Senior Cloud Architect, Delivery (GenAI)
Role details
Job location
Tech stack
Job description
- Lead the design and implementation of production-grade ML and Generative AI solutions on AWS (with awareness of multi-cloud environments).
- Act as a hands-on expert and trusted advisor for customers running AI/ML workloads at scale, from initial discovery through deployment and optimization.
- Translate complex business problems into cloud architectures that are secure, reliable, cost-efficient, and observable.
- Help evolve how DoiT uses AI/ML internally and with customers by turning one-off solutions into reusable patterns and "gravel roads" that influence the product roadmap.
- You will focus more on install base health, product adoption, proactive engagements, and account-team work.
Core - Deep Cloud Expertise
Be the trusted cloud engineer customers lean on for high-impact technical optimization work across cost, reliability, security, and performance.
Design and help implement solutions that:
-
improve cost efficiency (rightsizing, reservations/commitments, storage optimization, etc.)
-
increase reliability and resilience (HA/DR architectures, SLO/SLA-aware designs)
-
strengthen security posture (IAM, network segmentation, data protection, least-privilege)
-
reduce operational toil (automation, self-service, guardrails, policy enforcement)
-
Plan and deliver structured engagements such as Cloud Optimization Sessions, cost/efficiency/performance workshops, security posture or reliability reviews, and architecture deep dives / "well-architected" style assessments.
-
Respond to Expert Inquiry / support requests that require deep cloud engineering expertise, ensuring high-quality, well-explained resolutions.
-
Bring domain depth in:
-
ML / GenAI - deploying and operating ML/GenAI workloads (training and inference), GPU utilization, scaling, and cost control; MLOPS and integrating workloads with monitoring, logging, and FinOps; safe and efficient use of managed AI services.
Builder - Product Feedback & Contribution
Turn one-off field work into reusable assets that improve both customer outcomes and the product itself.
-
Convert one-off customer solutions into Gravel Roads - reusable patterns such as playbooks, Terraform modules, CloudFlow templates, cloud diagrams, Composer Recipes -> DCI Insights, and internal /external documentation.
-
Provide structured feedback to the DoiT Product and Engineering teams on:
-
product gaps and friction points discovered in real-world usage
-
new opportunities for automation and workload lenses within DCI
-
telemetry and tracking that would make future FDE work more efficient
Contribute directly to DCI where appropriate - from feature requests and feedback, to contributing code, to owning specific DCI features end-to-end. Build agent skills, scripts, and internal tooling that codify your expertise and scale it across the team. Contribute to internal enablement: share learnings via documentation, demos, office hours, or training sessions for other FDEs and Customer Success team members. Account Team - Embedded Execution
Operate as an embedded technical partner inside the account team.
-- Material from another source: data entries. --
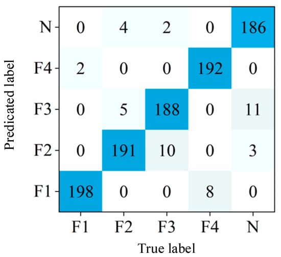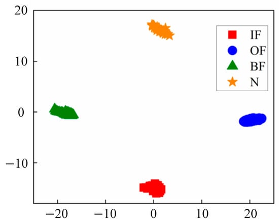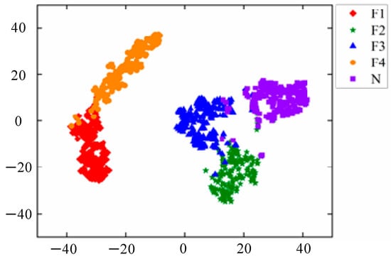 The t-distribution random neighborhood embedding t-SNE is used to reduce the dimensionality and visually evaluate the quality of the learned high-dimensional features. The proposed method’s feature clustering visualization results after the t-SNE dimensionality reduction are shown in Figure 9. From the figure, it can be seen that only a small number of samples are misclassified, and the model’s feature clustering effect is good, with only F3 faults overlapping more with N and F2 faults.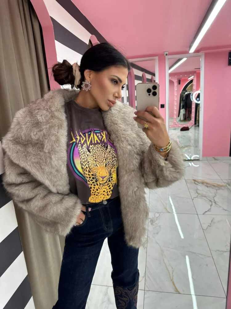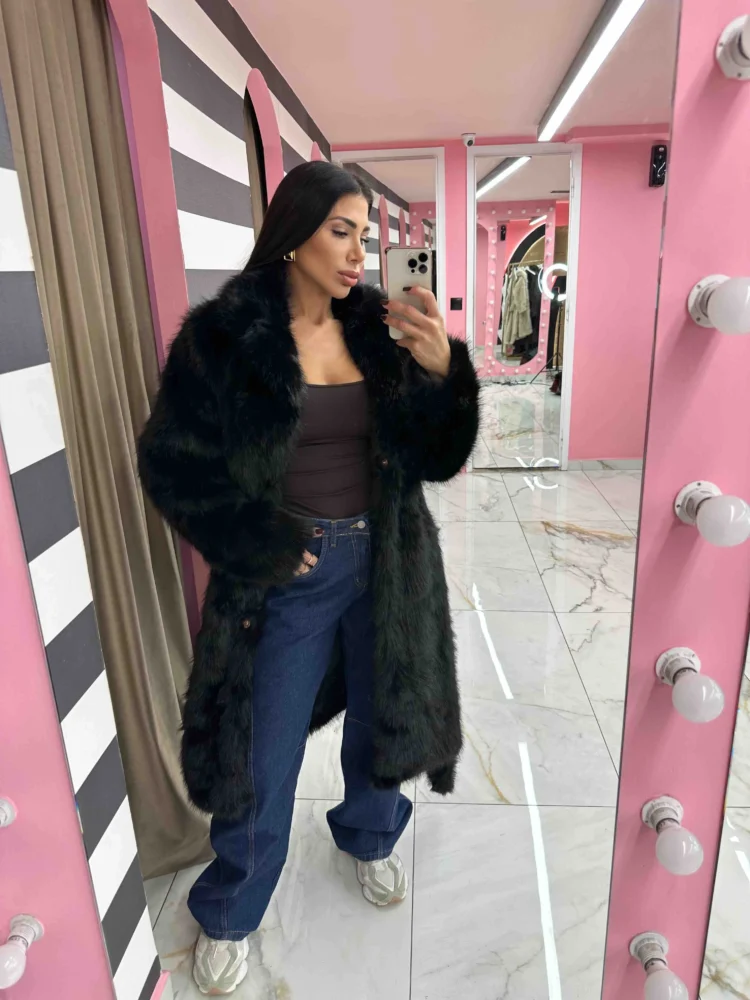 Μαύρη οικολογική γούνα με μακριές ίνες για chic & bold look. Συνδυάζεται άψογα με denim ή φορέματα, χαρίζοντας statement χαρακτήρα σε κάθε outfit.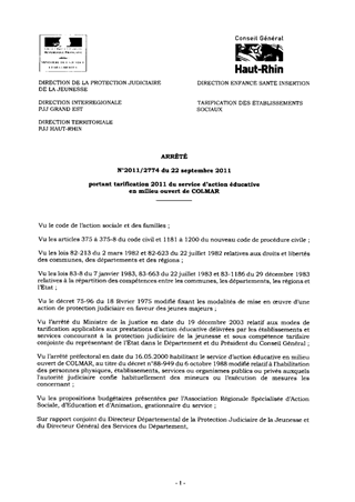 portant tarification 2011 du service d'action éducative en milieu ouvert de COLMAR. Resumé Pièces jointes ARRETE Assemblée : Non défini Date : 22/09/2011 Rapporteur : Non défini Collectivité : Conseil départemental du Haut-Rhin Direction : Non défini Service : Direction Enfance Santé Insertion Domaine : Prix de Journée Commission :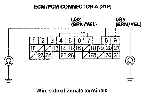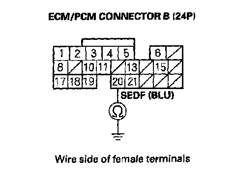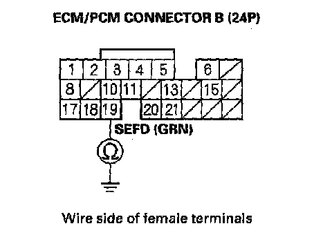 38. Check for continuity between ECM connector terminal B19 and body ground.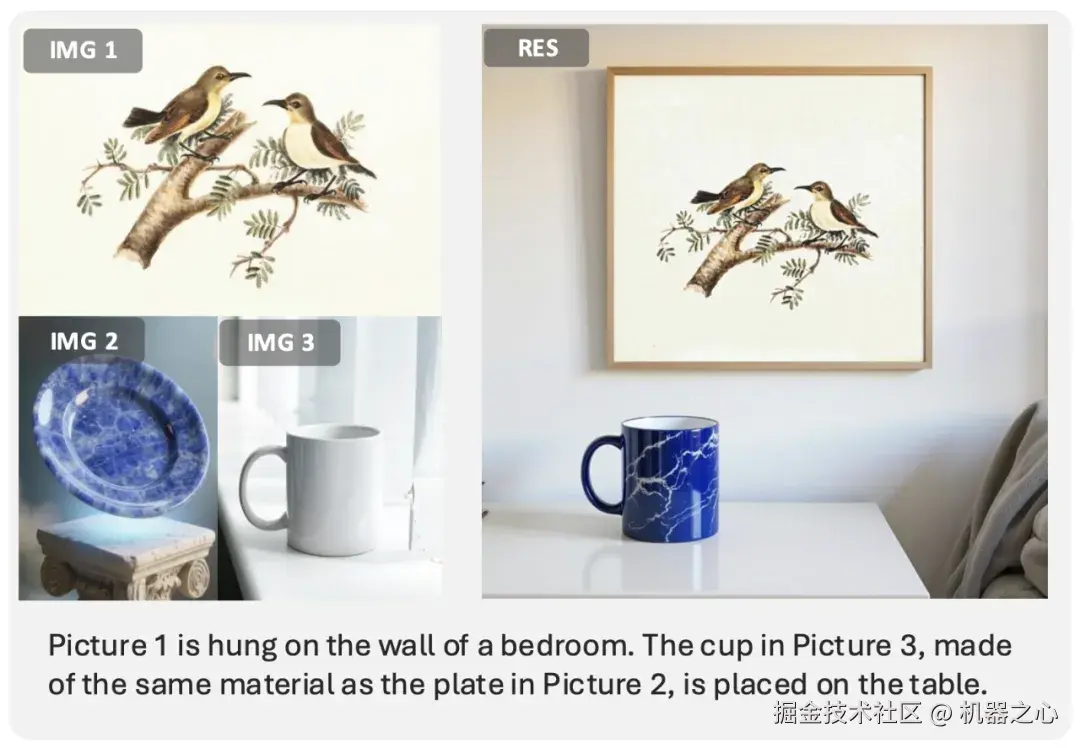 基于指令的图像生成:图 1 被挂在卧室的墙上,图 3 中的杯子变成与图 2 中盘子相同的材质,并被放置在桌子上。
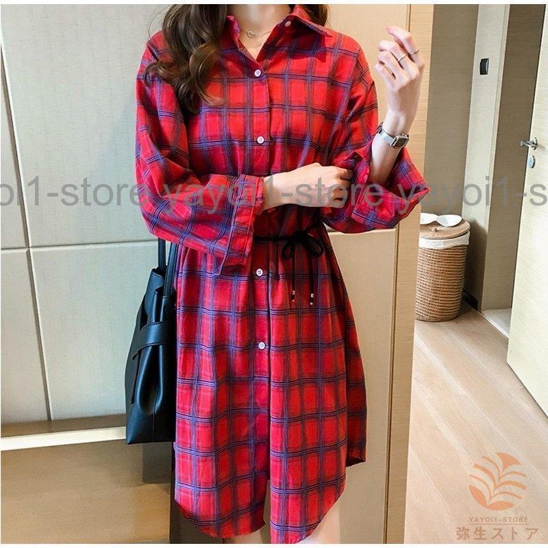 長袖シャツ チェックシャツ ロングシャツ ワンピース 羽織り レディース スタンダードチェック柄 女性 大きいサイズあり トップス ブリットチ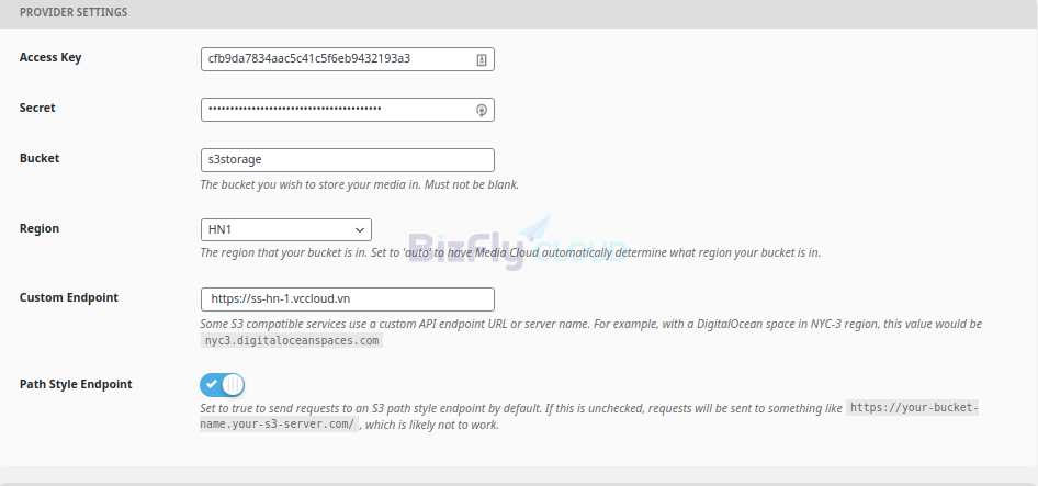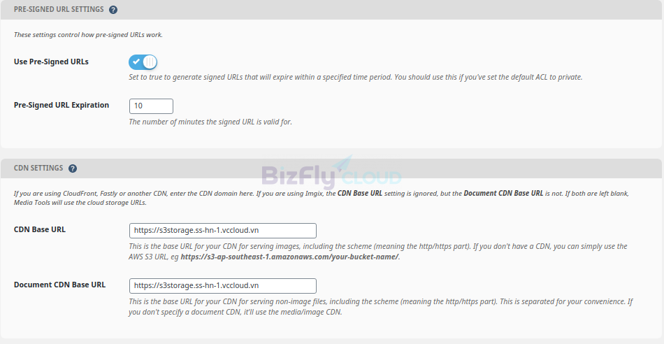 CDN Settings Nếu bạn có sử dụng một dịch vụ CDN như CDN của Bizfly Cloud, bạn có thể cấu hình thêm Endpoint của CDN tại đây. Nếu không, bạn có thể để đuờng dẫn đến bucker trên Simple Storage.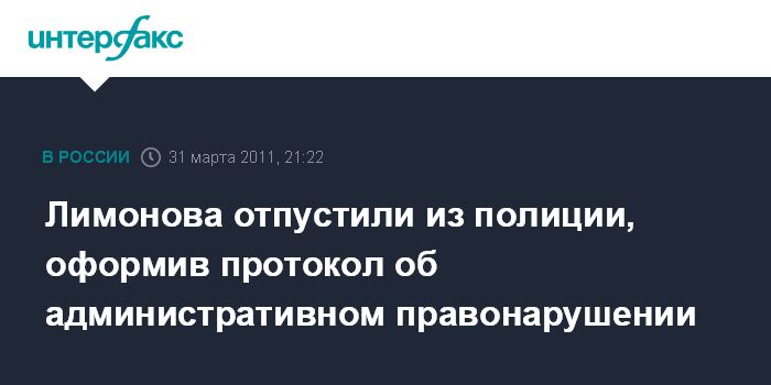 По его словам, в отношении Лимонова составлен протокол об административном правонарушении по статье 20.2 Кодекса об административных правонарушениях. По этой статье Лимонову грозит как минимум штраф, максимальное наказание - 15 суток ареста в изоляторе.

- Work in the account team model alongside Customer Success Managers (CSMs), Account Managers (AMs) to deliver impactful outcomes.
- Own the technical depth lane: technical deployment & integration, automation & platform adoption, signal-based proactive engagement, and most importantly, repeatable Cloud Optimization solutions.
- Partner with customers' engineers, architects, and FinOps teams to translate vague pain points into concrete technical optimization plans - and help them ship changes that stick and create continuous value.
- Co-deliver complex or multi-domain engagements with peer FDEs (for example, infra + data + ML/GenAI), reviewing and refining designs, and engagement plans together.
- Communicate complex technical topics clearly to both engineers and non-technical stakeholders (FinOps, finance, leadership), and maintain clear documentation of architectures, decisions, and implemented changes so customers and fellow FDEs can sustain and build on your work.
- Contribute to a culture of continuous improvement within the global FDE community through design reviews, internal forums, enablement sessions, and experimentation.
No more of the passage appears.